▶ _HOW TO COMPLETE THIS TASK_
From the line containing "Klettermeter: 330m |" through the end of the entries, please repeat every line exactly and nothing more; the pictures do not belong in the copy.

▶ _PROVIDED ENTRIES_
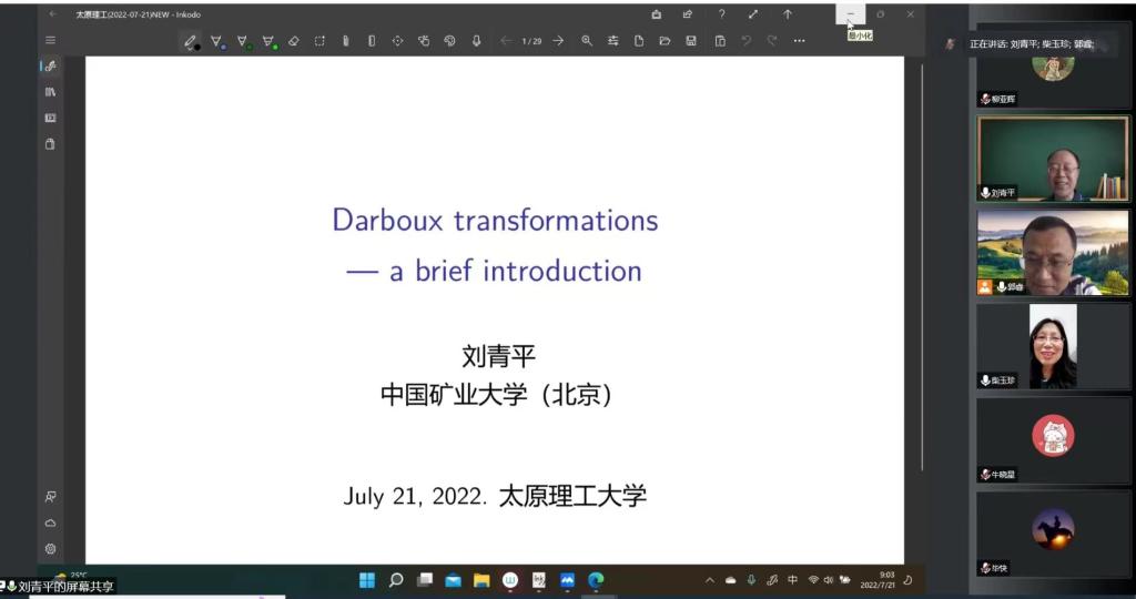 在公司百廿校庆即将到来之际,公司非线性波理论科研团队邀请到公司杰出员工、中国矿业大学(北京)理公司博士生导师刘青平教授做了题为“Darboux tansformation-a brief introduction”的学术报告。报告会由公司副经理柴玉珍教授主持,公司博士生导师张建文教授以及非线性波理论科研团队全体教师和研究生参加了报告会。
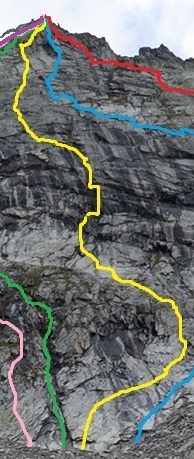 Klettermeter: 330m | Routenhöhe: 260m | Wandhöhe: 260m | Gipfelhöhe: 2.969m
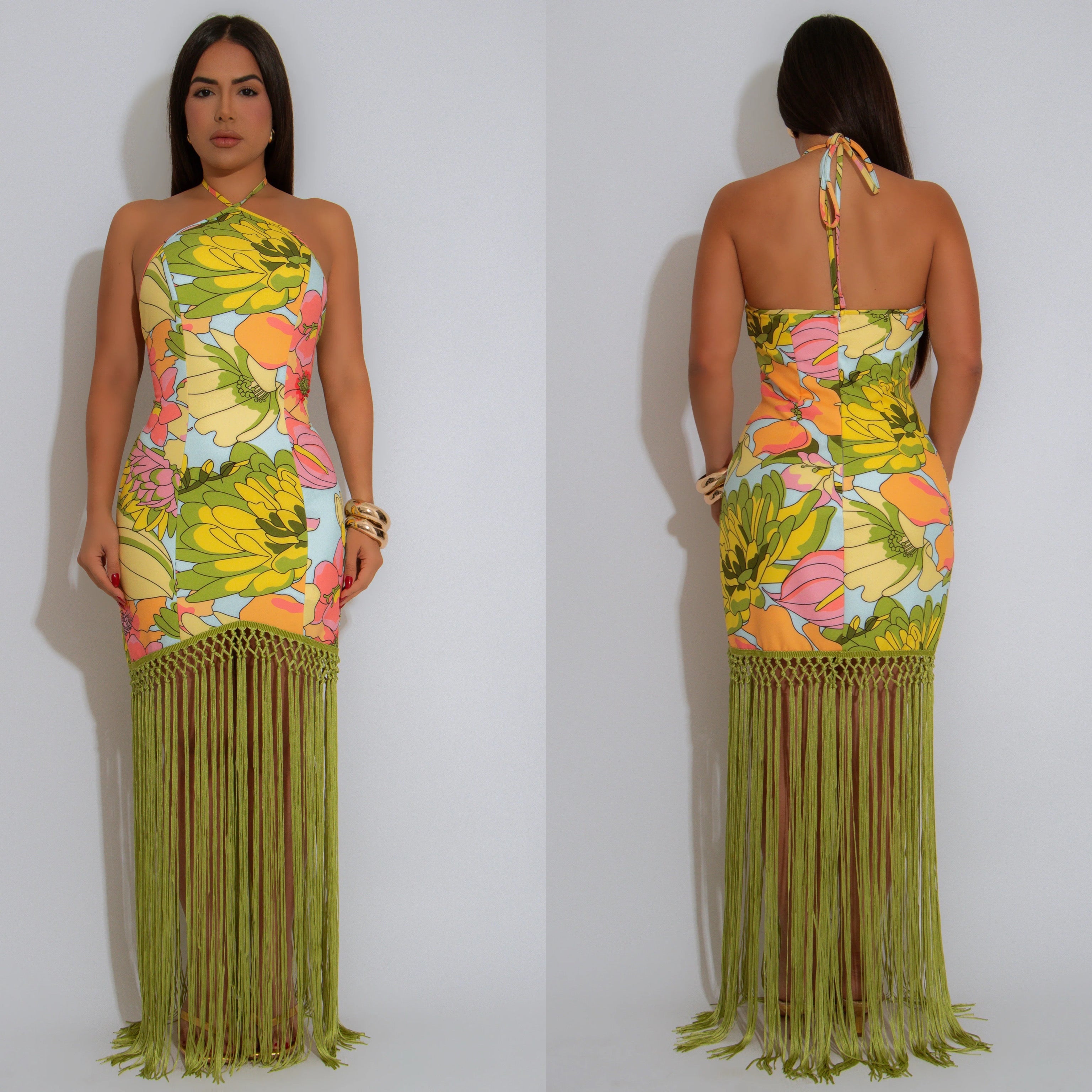 Turn heads in this vibrant halter maxi dress, designed with a bold floral print that radiates tropical chic. The fitted silhouette hugs your curves, while the halter neckline ties at the back for an adjustable fit. Finished with a striking olive-green crochet waistband that flows into long fringe detailing, this piece blends playful movement with sophisticated style.
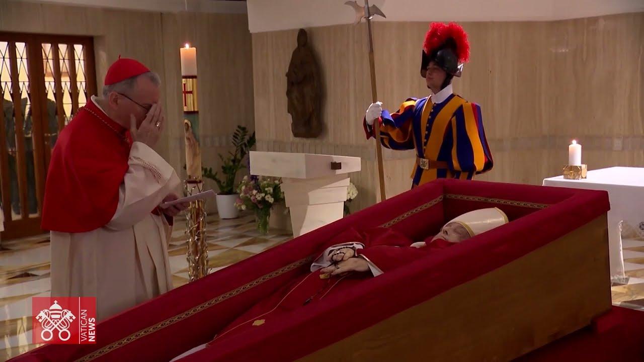 Vị trí thi hài: Theo cải cách của Giáo hoàng Francis, thi hài không còn được đặt trên bệ cao (catafalque) như truyền thống mà nằm trong quan tài mở nắp, nhấn mạnh sự khiêm nhường và gần gũi với dân chúng.
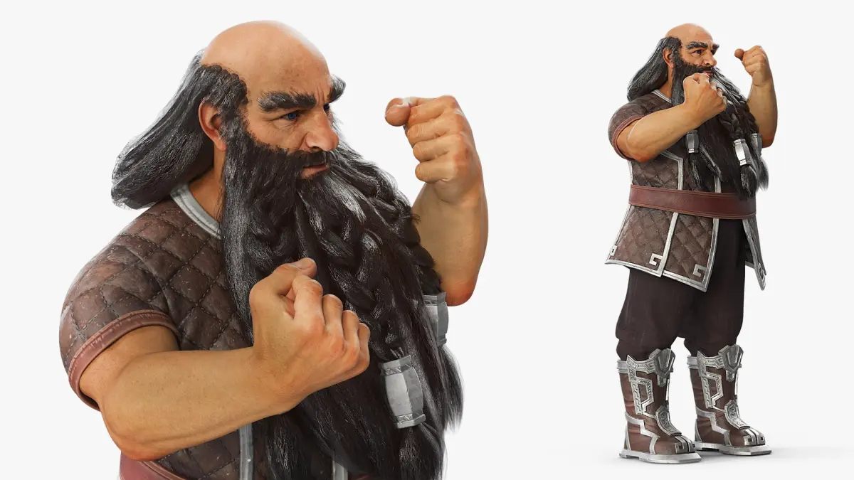 Game Dwarf Character Rigged for Maya is a three-dimensional model of fantasy dwarf character outfitted in intricate armor.

▶ _RESPONSE_
 Klettermeter: 330m | Routenhöhe: 260m | Wandhöhe: 260m | Gipfelhöhe: 2.969m
 Turn heads in this vibrant halter maxi dress, designed with a bold floral print that radiates tropical chic. The fitted silhouette hugs your curves, while the halter neckline ties at the back for an adjustable fit. Finished with a striking olive-green crochet waistband that flows into long fringe detailing, this piece blends playful movement with sophisticated style.
 Vị trí thi hài: Theo cải cách của Giáo hoàng Francis, thi hài không còn được đặt trên bệ cao (catafalque) như truyền thống mà nằm trong quan tài mở nắp, nhấn mạnh sự khiêm nhường và gần gũi với dân chúng.
 Game Dwarf Character Rigged for Maya is a three-dimensional model of fantasy dwarf character outfitted in intricate armor.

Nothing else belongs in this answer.